Stefanie Sievers-Glotzbach researches how commons-based rights on seeds and plant varieties can make plant cultivation more socially and ecologically sustainable – and help to future-proof agriculture.
Even in school Stefanie Sievers- Glotzbach was already interested in scientific and social issues. As a student she became involved in a food cooperative and other volunteer groups. Her personal interest soon turned into a scientific one. After studying Environmental Sciences in Luneburg she wrote her PhD on how to use natural resources to improve both global justice and intergenerational justice. But in the long run the young scientist found the research approach too theoretical; she wanted to get out of the ivory tower. In 2012, while still writing her doctorate, she was offered an exciting opportunity in the Oldenburg working group Ecological Economics.
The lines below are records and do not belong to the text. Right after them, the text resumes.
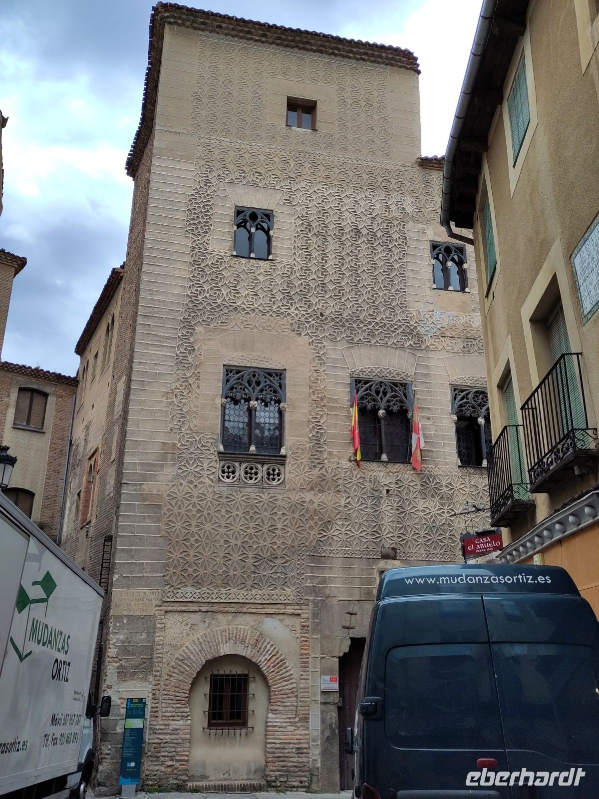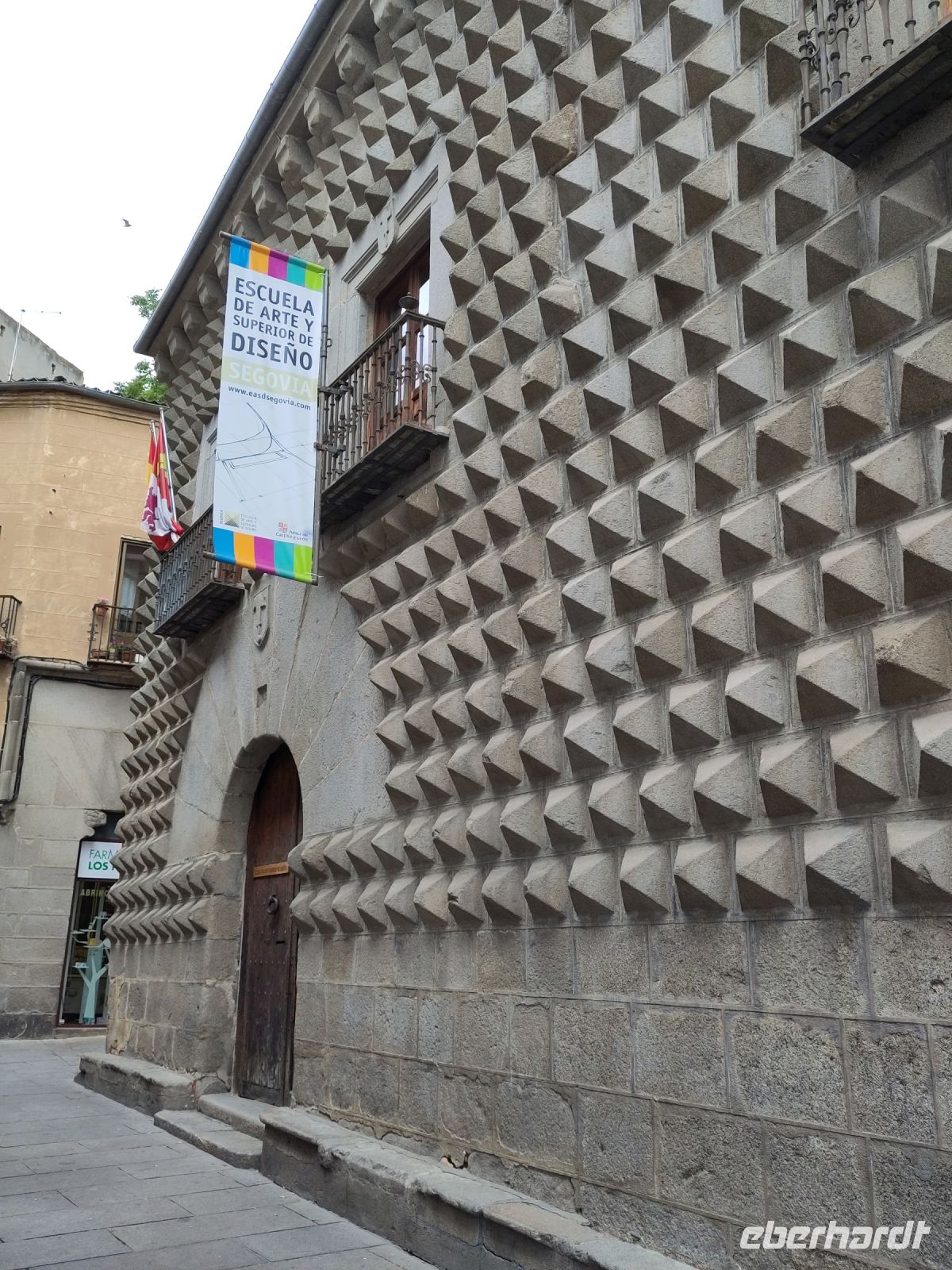 Am ehemaligen Stadttor, wo ein im Jugendstil errichtetes Haus steigt, zeigte David uns die Casa de los Picos - das Spitzenhaus. Seine abweisend wirkende Straßenfront ist mit 617 pyramidenförmigen Granitspitzen „verziert“. Die Legende besagt, dass der Besitzer, ein reicher Händler, diese Fassadengestaltung wählte, weil sein Haus immer als das „Haus des Juden“ bezeichnet wurde, was ihn gestört habe, weshalb er es so aufwendig umbauen ließ, damit die Leute sein Haus anders bezeichneten. Tatsächlich war die Bauweise aber wohl gewählt, um direkt hinter dem Stadttor gelegen, Macht und Stärke zu demonstrieren. Eine solche Investition wie die Bearbeitung von 617 harten Granitsteinen für das unsichere Ergebnis, dass das aus einen neuen Namen im Volksmund erhielte, ist doch reichlich fragwürdig.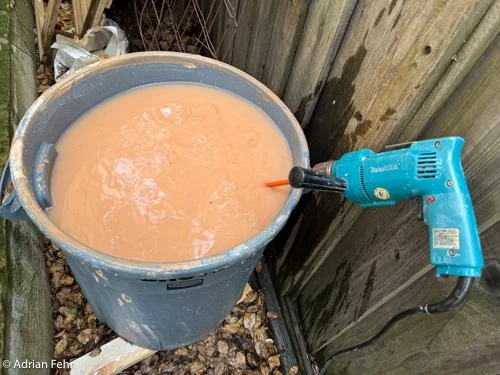 4 Mix it up thoroughly using a paint mixer attachment on a strong drill. Those little chunks of hydrated clay are still chunks of clay, and need a really strong mixing! Do this for at least 5-15 minutes until the lumps are gone and the clay is even, adding water as needed to get a pourable but thick slip. By hand doesn’t count — use a powerful drill and a paint mixer attachment.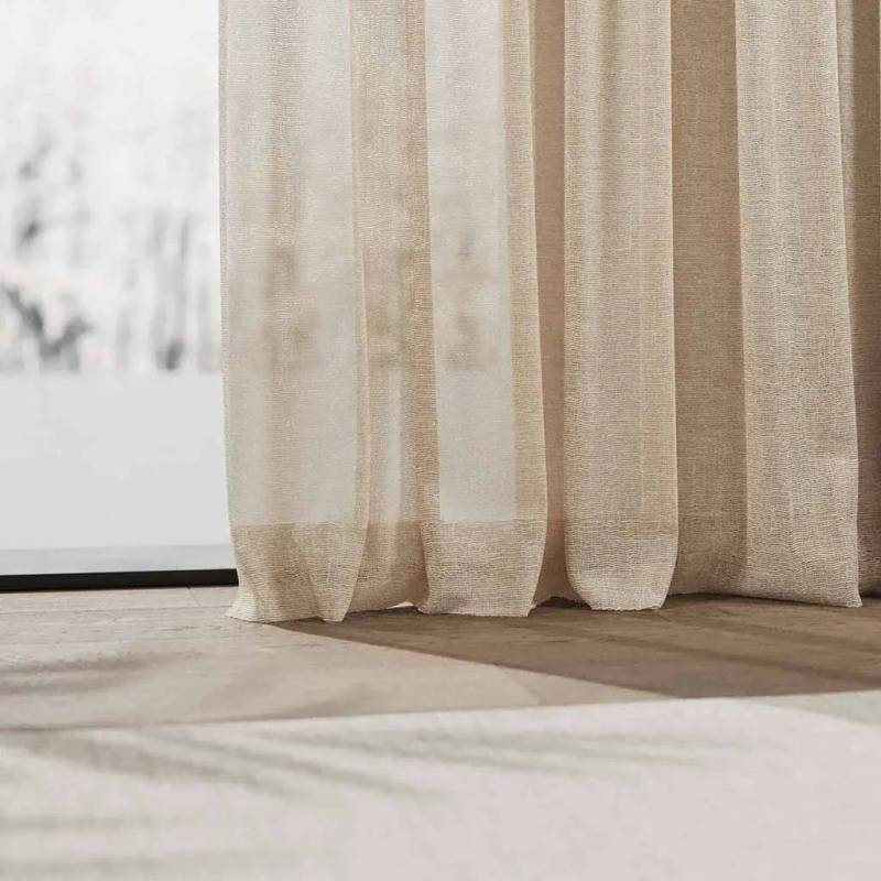 La partition des tons doux. Avec son look lin moderne en neuf coloris naturels de lin et de terre, Ylvi fournit la scène adéquate à chaque intérieur. Le tissu légèrement froissé à la structure ajourée mouvante convainc par son allure décontractée et son toucher sec. Sa double largeur et sa facilité d’entretien rendent polyvalent ce tissu de décoration semi-transparent. Sa gamme de coloris pastels trouve toujours le bon ton grâce à une bichromie subtile dans des nuances comme Almond, le rose délicat de Powder ou le puriste Stone.

Here, she worked alongside natural scientists while coordinating a master’s programme in sustainability and supervising a number of seminars.
A few years later she responded to a call for proposals from the Federal Ministry of Education and Research that corresponded with her desire to make a difference in society through research. Her application was successful. At the end of 2016 the 35-year-old and her junior research group “Right Seeds” began investigating the question of whether commons-based rights on seeds and plant varieties can inspire ecological and social change in plant production. The junior professorship for “Economy of the Commons” which she has held ever since is unique in Germany. “Commons research touches on many disciplines, from environmental economics to political science. We are trying to bring them all together,” says Prof. Dr. Stefanie Sievers-Glotzbach.
Rediscovering the commons
What constitutes the commons and how they should be defined is a much-discussed topic. The term was originally used to refer to scarce natural resources such as pastureland or fish stocks and the rules drawn up for their collective use. “Until the start of the twentieth century seeds, too, were kept by farmers as a common
good, swapped and developed further on the fields,” Sievers-Glotzbach explains. Nowadays plant cultivation is largely a commercial system based on biotechnological methods, non-reproducible seeds and patenting, she says. As a result the diversity of cultivated crops is diminishing, farmers become dependent on seed companies and there are very few species adapted to adverse growing conditions and organic farming.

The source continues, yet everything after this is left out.